Your demo driver replays it as:

1. ingest `main.wal` into timeline `main`, then `Flush()`;
2. for each entry in `plan.json`: `CreateBranch(name, "main", fork_lsn)` —
   this must be one JSON PUT, no page I/O;
3. ingest each branch's `.wal` into its own timeline, flush;
4. issue `GetPage` reads on every branch, both below and above its
   `fork_lsn` (below-fork reads must be byte-identical to the parent at the
   same LSN);
5. `DeleteBranch` 10 of them, abandon 40, `RunGC(...)`, and verify the
   survivors still read correctly while bucket bytes shrink.

`walgen` is fully deterministic (its own SplitMix64 stream, not `math/rand`),
so identical flags produce identical bytes on every machine and Go version —
that is what makes the conformance vectors possible.

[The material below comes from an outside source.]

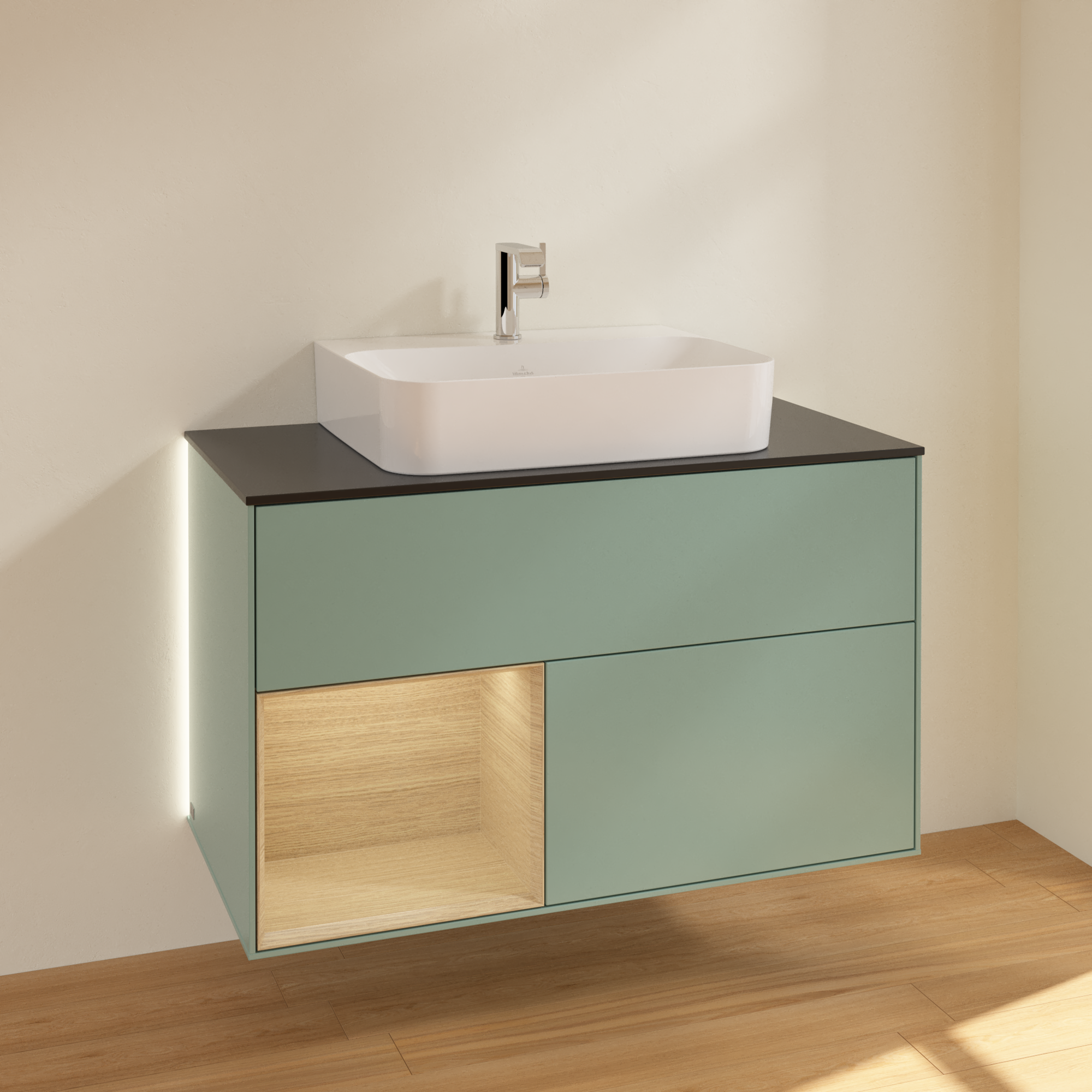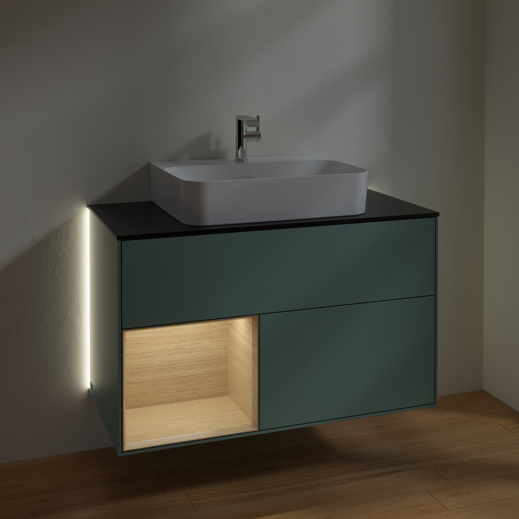 Finion Vanity unit, with lighting, 2 pull-out compartments, 1000x603x501mm, Body: Olive Matt Lacquer, Front: Olive Matt Lacquer, Shelf: Oak Veneer, Cover plate: Glass Black Matt

## Suggested order of attack

1. `materializePage` + a unit test against `MemStore` (an afternoon).
2. `IngestWAL`/`Flush` with a tiny manifest design; pass the crash test by
   killing and reconstructing the `Pageserver` in a test.
3. `GetPage` at head LSN only, then generalize to historical LSNs, then add
   image layers and the ancestry hop.
4. `CreateBranch` (it is ~30 lines if your resolution is right and a redesign
   if it is not).
5. GC last, with the swarm workload above as your integration test.